Many restaurant owners and managers do not understand the difference between their fixed and variable costsThe problem with defining the two types of costs relates to their connection with sales.  In addition, reasonable assumptions have to be made in order to delineate between fixed and variable costs in the food service industry. 

This article will explain the difference between the two costs related to food service, provide examples of both and educate the reader on proper analysis procedures to create baselines for improvement.  I am a big believer in the feedback loop method of business operations in order to maximize profit and reduce overall stress for the owners and management team. 

In general, most readers have been taught or believe that the variable costs are really only two items in a restaurant.  The first is the food costs itself and the second is the labor associated with producing and serving the meals.  Once you are done reading this article, you will discover that variable costs are actually broader in scope than just these two basic costs. 

Furthermore, many small business owners believe that if labor and food are variable, the remaining costs must be fixed in comparison.  This is not necessarily true especially as the restaurant’s volume of sales increase and more costs begin to occur.  Before beginning to go into detail, a short definition of each of the terms used is provided to remind the reader of their meaning. 

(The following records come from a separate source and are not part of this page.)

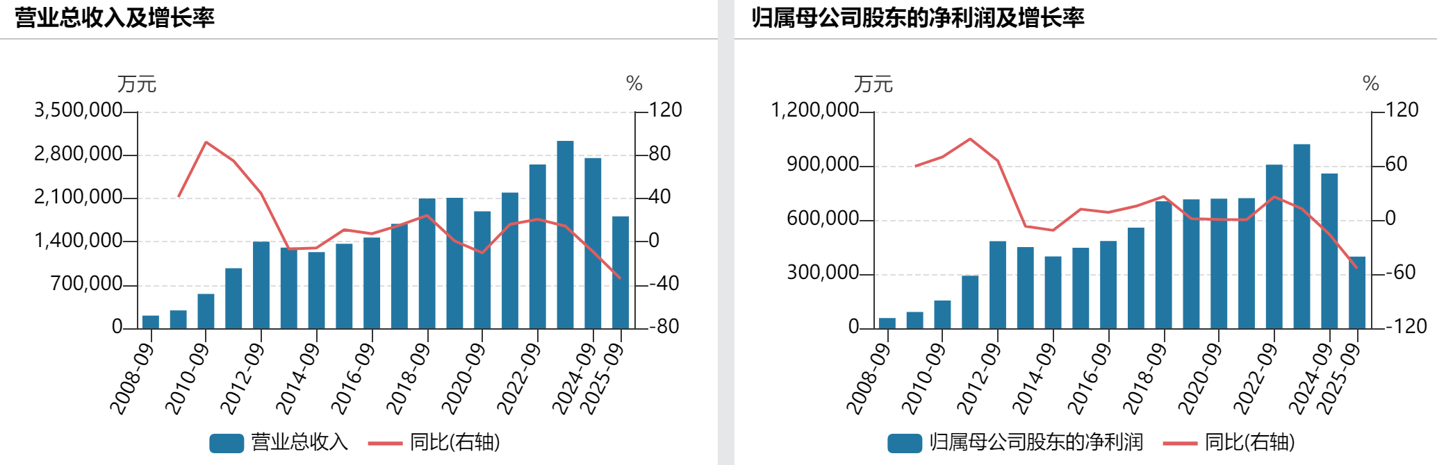 当前白酒行业仍处于深度调整期。国家统计局数据显示,2025年1-9月全国规模以上白酒企业产量为265.50万千升,同比下降9.90%。从已披露的三季报来看,多家白酒上市公司第三季度业绩出现明显下滑。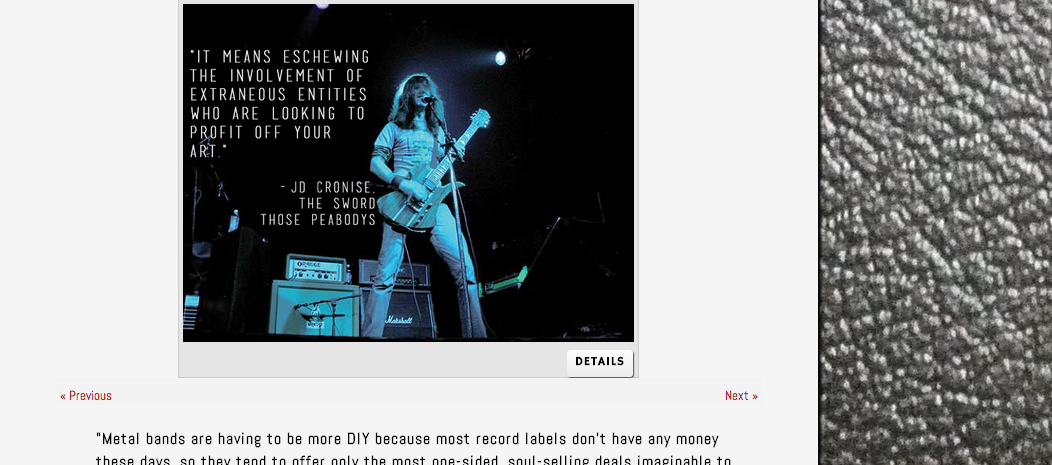 This again begs the question of audience, but it also involves a discursive relationality between design and use; in order to contextualize the significance of the collection, it is important that media and narrative point to each other. In other words, the media, both of the site itself and what the site points to, is less meaningful without the context provided by the narrative. Conversely, the narrative is illustrated in a meaningful way by the various ways in which the user can interact (or access) the media as they read through the site. To this end, I’ve started looking at public sites with similar media content, such as allmusic.com (which has narrative, visual media, and short audio clips), in an attempt to better understand how the interplay between media informs the user’s experience.
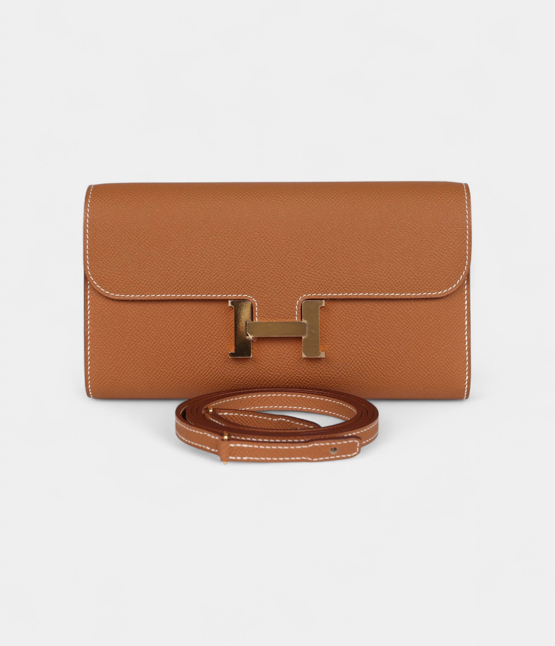The Hermès Constance Wallet To Go in Gold Epsom leather combines timeless elegance with versatile functionality for the modern individual.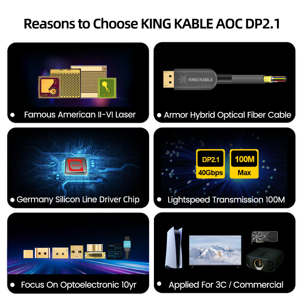 KING KABLE Armor Optical Fiber DisplayPort2.1 2.0 Cable 40Gbps 16K 10K 8K60 4K144 G-SYNC For PC Host Monitor DELL Asus SAMSUNG LG Lenovo RTX4090 3090 50M 100M DP009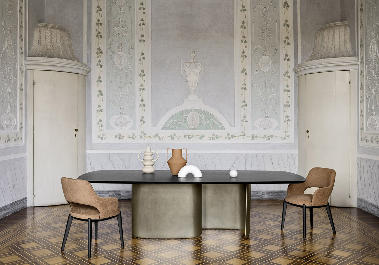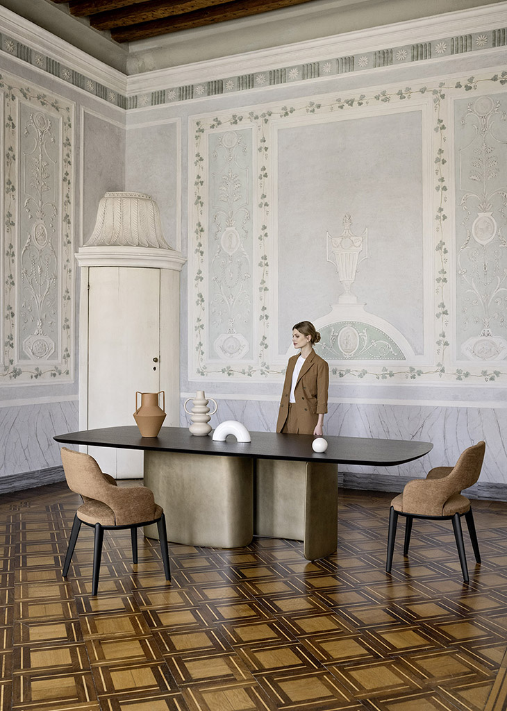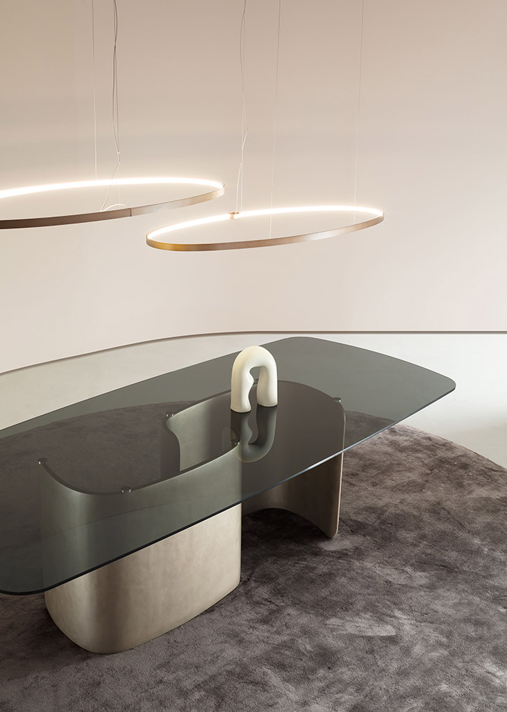 A simple yet expressive table. The base is made up of two symmetrical curved elements made of high-density polyurethane which support the glass or Fashion Wood top.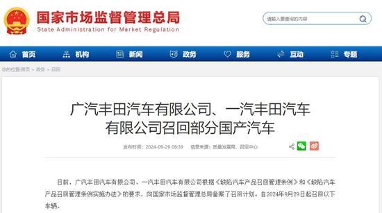 中国经济网北京9月30日讯(记者 郭跃)昨日,国家市场监督管理总局发布了5起乘用车召回公告,涉及丰田、比亚迪、领克、宝马、smart在内的5家品牌将共计召回车辆233612辆。其中,仅丰田品牌召回数量超过10万辆。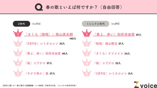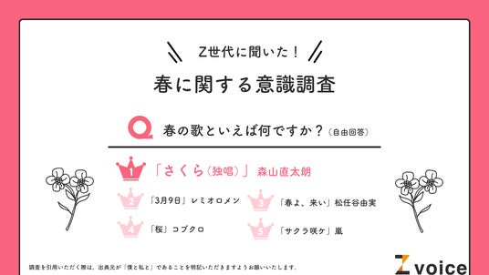 また、「春の歌といえば何ですか?」という質問に対して、Z世代の圧倒的1位は森山直太朗さんの「さくら(独唱)」であることが判明。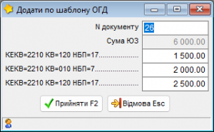 2)В діалозі заповніть Номер документу(по замовчанню він збільшується на 1) та сумми по статтям за необхідності.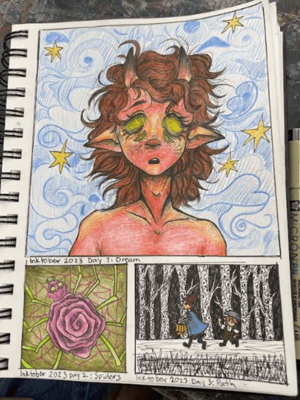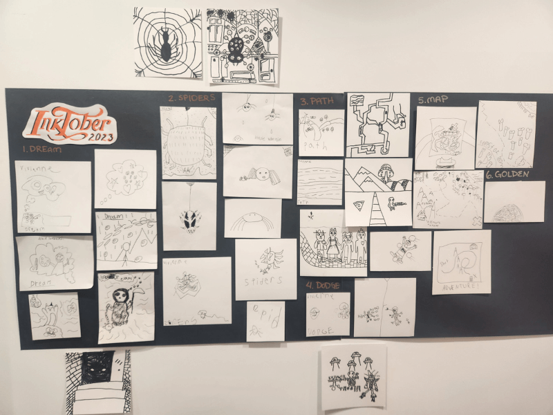 Inktober was a month long art challenge created by artist Jake Parker focused on improving skill and developing positive drawing habits. Every day throughout the month of October anyone participating in the Inktober challenge created an ink drawing and shared it online or at our One River Schools.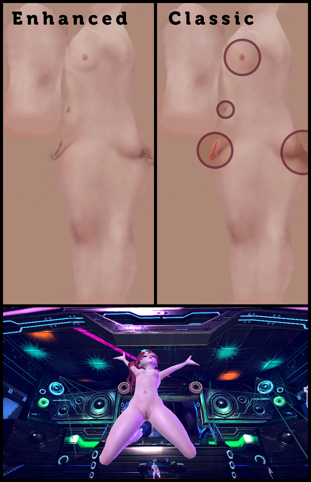 Just noticed that link expired so a new one in-placed. :P For the nip-slip it looks like the checkered bra itself is painted onto the skin? GIMP might do the trick if it is. Shout-outs to the OP, modders and everyone helping the game get cooler. What else can be added? Fine hair in upper-crotch areas?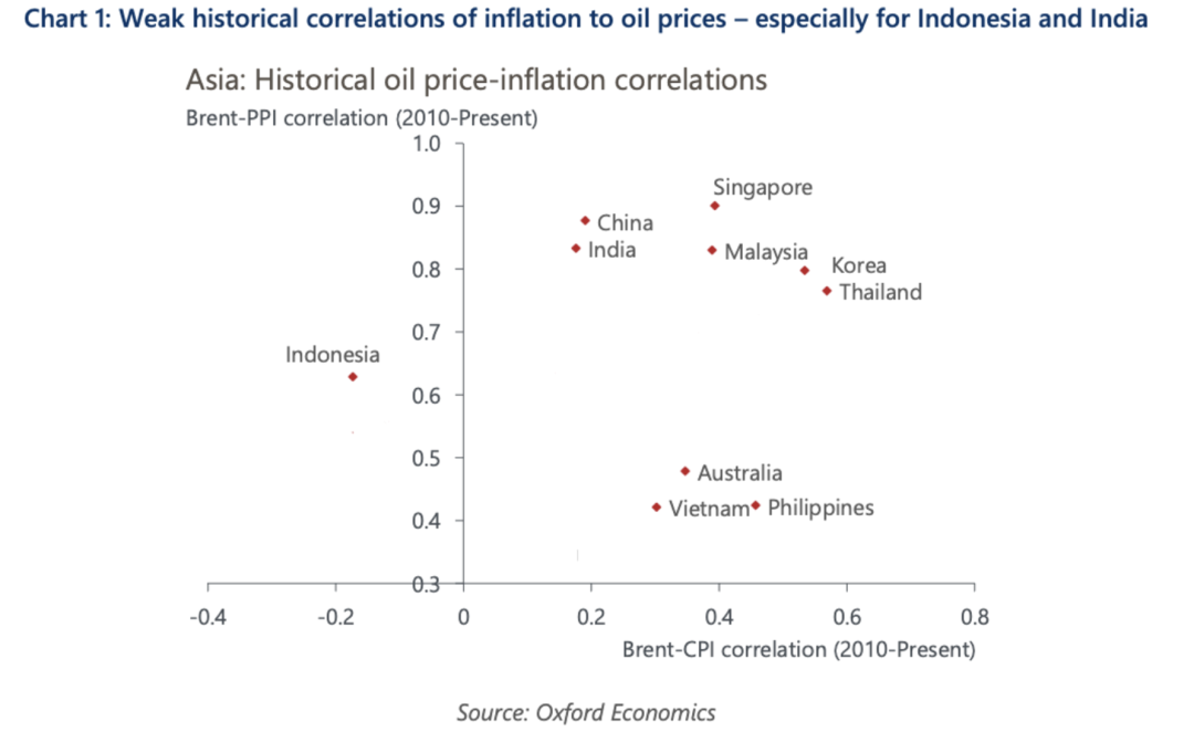 4、亚洲多个经济体通过燃油补贴、价格稳定基金以及国有能源企业等准财政手段,限制了全球油价冲击向国内消费端的直接传导,在缓冲对家庭部门影响的同时,将成本转移至公共部门的资产负债表。这一机制导致了全球油价与部分经济体国内通胀的历史相关性偏弱,其中印度和印度尼西亚尤为突出。数据显示,2010年至今,布伦特原油价格与印度生产者价格指数(PPI)的相关性高达约0.85,但与消费者价格指数(CPI)的相关性仅为约0.2。印度尼西亚的CPI相关性甚至为负值。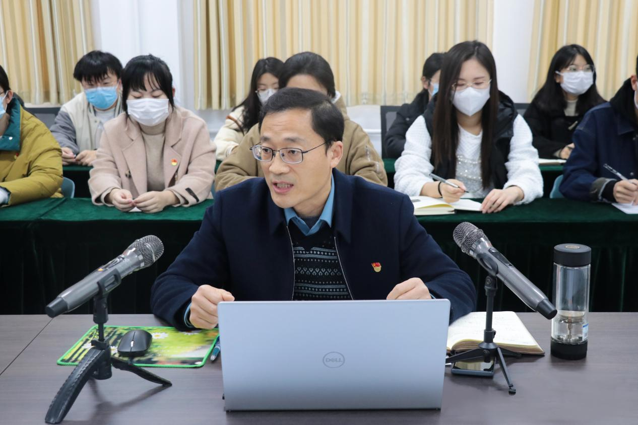 滕聿峰指出,全院师生要深刻领悟“两个确立”的决定性意义,自觉用习近平新时代中国特色社会主义思想凝心铸魂,同时提出三点要求:一是深入学习、领会、宣传、贯彻党的二十大精神。做到学思践悟、融会贯通,持续把思想和行动统一到党的二十大精神上来;二是坚守育人初心,做学生成长成才的引路人。教师要做到培根铸魂、启智润心,努力成为党和人民满意的“四有”好老师;三是坚定理想信念,做新时代“四有”青年,学生要做到有理想、敢担当、能吃苦、肯奋斗,让青春脉搏与新时代同频共振。

Fixed Costs – those cash costs paid each month whether one patron or 30,000 patrons are served.  A perfect example relates to costs associated with occupancy.  These include rent, insurance and property taxes.

Variable Costs – the technical definition relates to those costs that fluctuate (generally increase) as the volume of sales increase.  The most common identifiable cost in a restaurant is the food cost.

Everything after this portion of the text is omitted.